Y’all know those folks who make you feel good, just being in their company? My friend Ali is like that– she truly possesses the gift of encouragement. We met while working in student affairs at Duke University and became housemates not long after. As our friendship grew over that year and the years that followed, I found myself in constant awe of her grace, kindness and how thoughtful she was in how she engaged others. When I met her mother a few years later, I felt the same warmth, welcome, and encouragement. It is no surprise that these women have chosen to make their life work about supporting the mental and emotional well-being of others. We invited them to write a guest blog about ways Black girls and women can experience wellness in their lives. Read below for valuable tips for managing stress and cultivating mental and emotional wellness.
Stress is everywhere. Whether it’s the result of micro assaults to your sense of wellbeing or pressure you put on yourself, when the demand exceeds the resources, stress is the result. The 24-hour day of childhood feels measurably longer than the rapid-fire 24-hour cycle of today. Ironically, we are doing more and enjoying life less.
Working for someone else may pay the bills, but the job of taking care of you is the most important job of your life. As women, we are often the glue that holds our families and communities together. Thus, taking care of ourselves, is not a selfish endeavor, but one that has ripple effects, benefitting our children, partners, friends and neighbors. Learning to manage stress is one of the best skills you can have in your tool box. The constant feelings of stressing and pressing have a way of taking their toll on your body and your life. Most of us already know about the importance of eating right, getting enough sleep and regular exercise. Listed below are five additional stress management tips to help you achieve more balance in your everyday life.
1. Learn to be mindful. Pay attention to what you fill your mind with. Focus on activities and relationships that are affirming and life-giving. In our current political climate, the line between staying informed and subjecting yourself to harmful imagery and narratives can be hard to decipher. Be selective, as the mind goes, so goes the rest of you. Monitor your newsfeeds and your media intake and don’t hesitate to take a break.

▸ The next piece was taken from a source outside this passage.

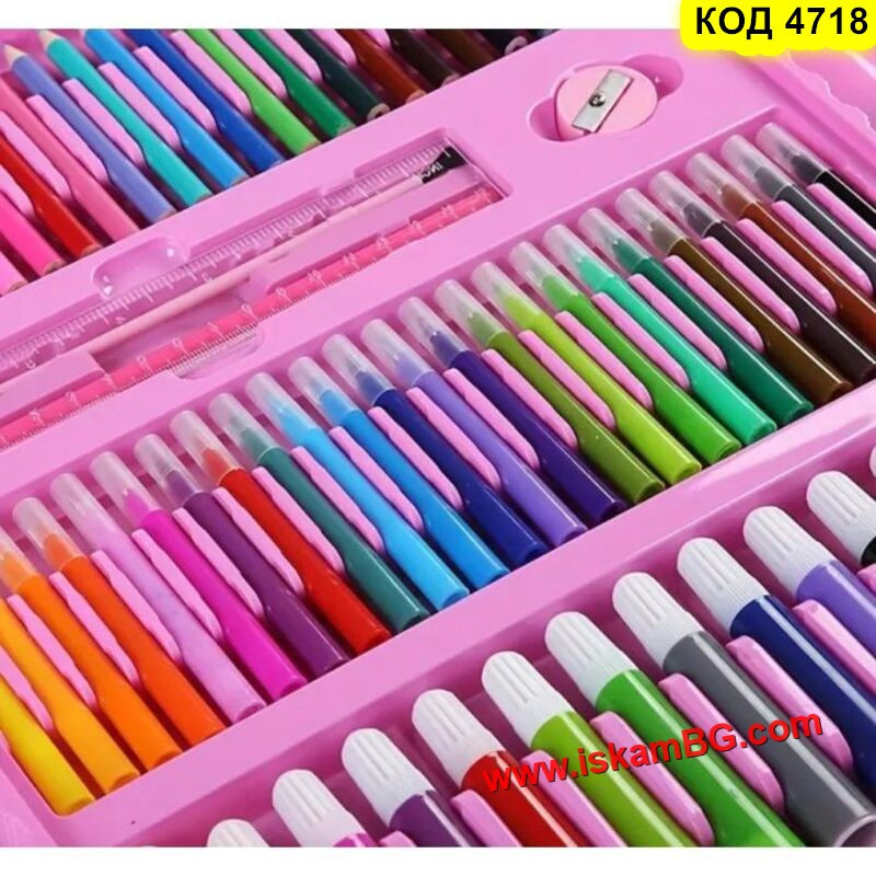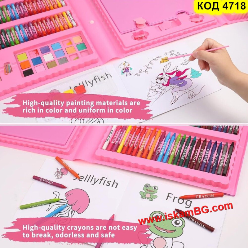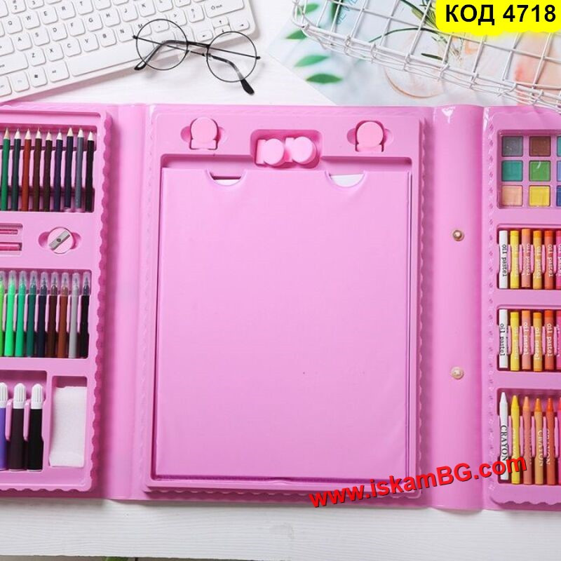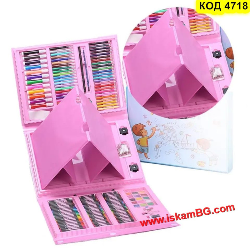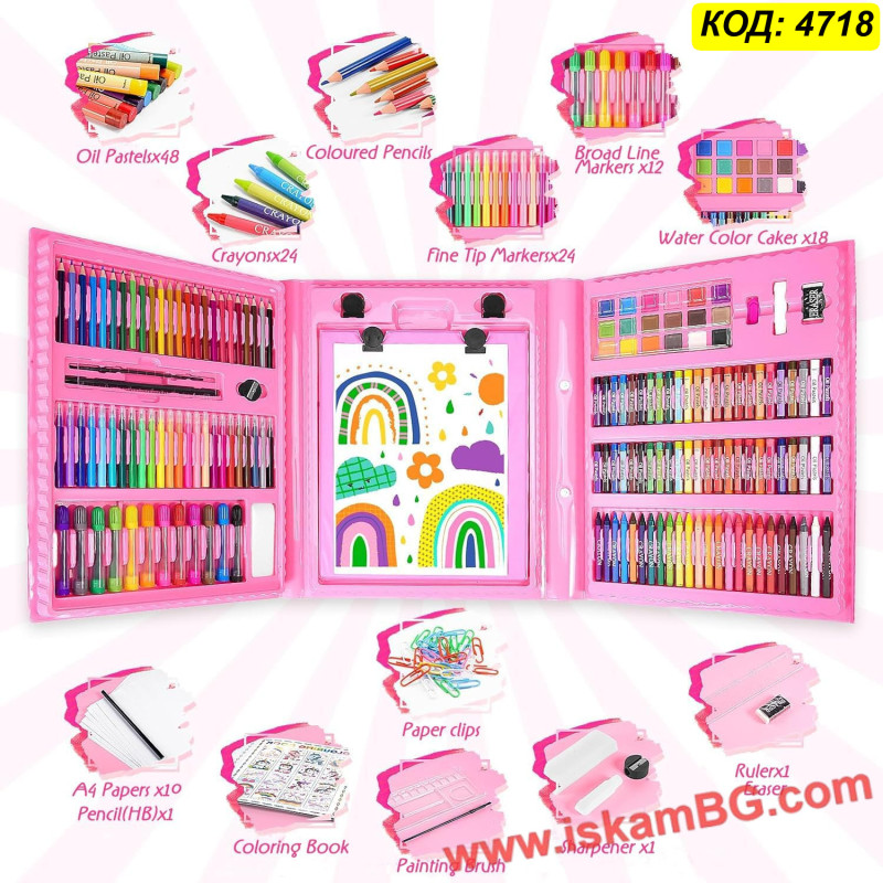 Голям детски комплект за рисуване 208 части в куфарче - Розов

2.Watch your diet. That includes how much technology you devour on a daily basis, as well as what food you use to fuel your body. Does your diet give you more energy to take care of business or does it make you less energetic and productive?

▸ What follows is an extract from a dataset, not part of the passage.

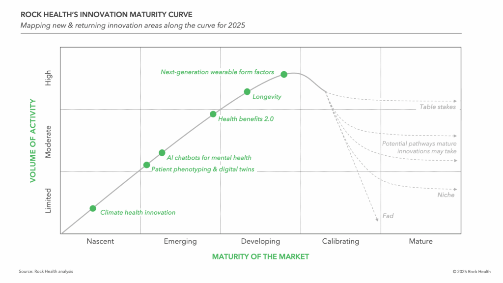 Rock Health shared their state of health tech innovation report near the end of 2025 and it’s always a worthwhile investment of your time. This year Rock Health noted several sectors and technologies and their opinion of where those sit on the innovation maturity curve. |

3. Practice deep breathing on a regular basis. Your breath is a powerful tool to reduce stress and anxiety. Take a deep breath in. Now let it out. You may already feel a difference. Taking a moment for a few slow and mindful breaths can provide you with an opportunity to stop and re-evaluate your current state. Is this thing I am stressing about, worth my energy? If not, let it go and move on. If so, channel that energy into coming up with a plan of attack.

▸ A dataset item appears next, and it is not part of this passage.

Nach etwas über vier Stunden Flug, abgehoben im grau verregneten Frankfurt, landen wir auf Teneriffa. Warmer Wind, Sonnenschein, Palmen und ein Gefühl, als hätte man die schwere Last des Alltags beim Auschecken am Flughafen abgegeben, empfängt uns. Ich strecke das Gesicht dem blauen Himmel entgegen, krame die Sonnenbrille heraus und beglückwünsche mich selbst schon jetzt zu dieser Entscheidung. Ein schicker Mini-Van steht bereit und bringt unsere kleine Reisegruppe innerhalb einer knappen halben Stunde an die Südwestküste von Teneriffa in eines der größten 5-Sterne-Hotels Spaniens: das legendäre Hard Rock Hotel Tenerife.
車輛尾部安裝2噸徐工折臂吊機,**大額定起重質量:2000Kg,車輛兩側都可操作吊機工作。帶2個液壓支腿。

4. Live the life you love and love the life you live. It’s your life. Listen to your inner voice first. Then and only then seek the counsel of trusted family and friends. If the dream job is causing your dreams to be nightmares, it’s O.K. to change your mind. We spend a tremendous amount of time trying to get other people to change when the only person you can change is you. Change you and you change the situation.
5. Let your yes be yes and your no be no. We learn to say “No” before the tender age of 2 and then we spend the next twenty years being socialized to be polite and say yes (this is especially true for women). Reclaim your “NO”. This means setting boundaries and being truthful and honest with yourself and others. Saying yes when the right answer is no may sound good in the moment, and it may even get the accolades of others. However, don’t be surprised when stress starts to creep into your life, and you find yourself feeling resentful and overwhelmed. Not taking responsibility for your choices and blaming others for the outcome of your life is called giving the power for your life to other people. Ask yourself, who have I given my power to? Then go get it back.
It’s your life. Make the most of it. Don’t let stress rob you. Finally, if stress is robbing you on a regular basis, don’t hesitate to call the stress police. A good therapist or life coach should be on your speed dial. Don’t wait for a crisis to occur, invest in your emotional savings account today.
Dr. Alexandra Scott and Dr. Sandra M. Hardy are a dynamic mother daughter psychologist team committed to furthering Black women’s wellness.